The actual measurements showed that even though the overall performance was very high,
it was affected by the limited total disk throughput. Therefore, the disk I/O became a serious
bottleneck whereas the computing capacities of the cluster were not fully utilized. Apache
Spark, which was announced by Cloudera when this research was conducted, or GridGain
In-Memory Accelerator for Hadoop can be suggested for using in the ProfitBricks
environment.
It can be assumed that the type of Hadoop distribution has a much less considerable impact
on the overall system throughput than the configuration of the MapReduce task parameters.

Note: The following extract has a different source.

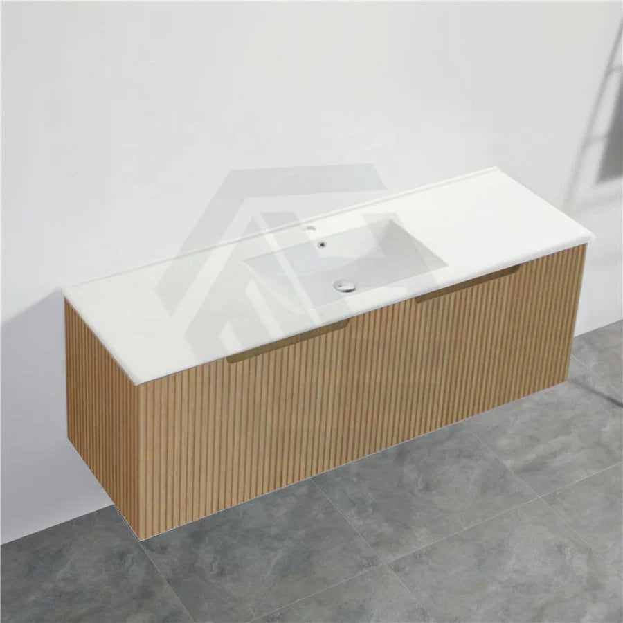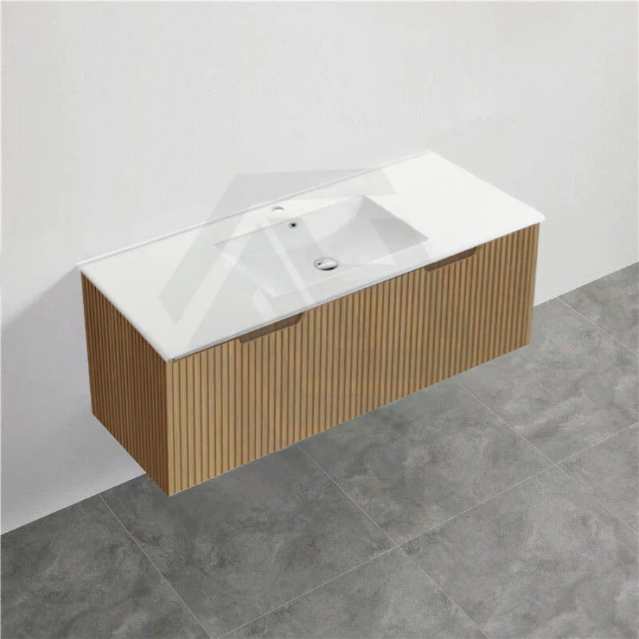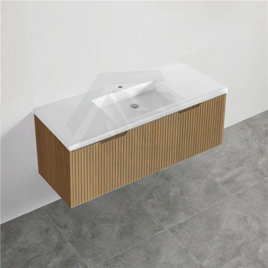 600-1500mm Wall Hung Vanity Fluted Style American Oak Color PVC Coating
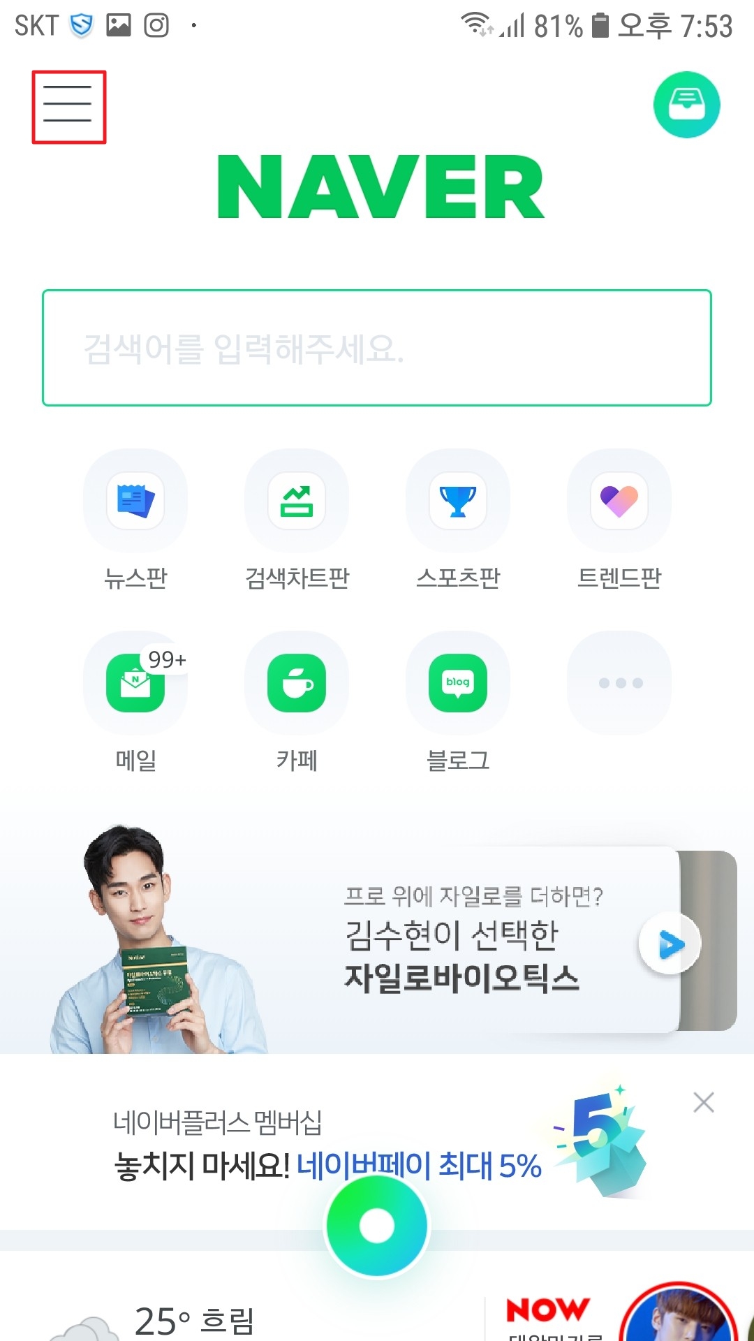 자신의 휴대폰에서 인터넷이나 네이버앱으로 접속합니다.

For instance, the TeraSort workload was processed 2 3 times faster when the parameters
described in Appendix E were tuned specifically for this load. By configuring these settings,
you can achieve 100% utilization of your CPU, RAM, disk, and network. So, the performance
of each distribution can be greatly improved by selecting proper parameters for each
specific load.
Running Hadoop in clouds allows for fast horizontal and vertical scaling, however, there are
fewer possibilities for tuning each part of the infrastructure. In case you opt for a virtualized
deployment, you should select a hosting/IaaS provider that gives freedom in configuring
your infrastructure. To achieve optimal utilization of resources, you will need information on
the parameters set for network and disk storage and have a possibility to change them.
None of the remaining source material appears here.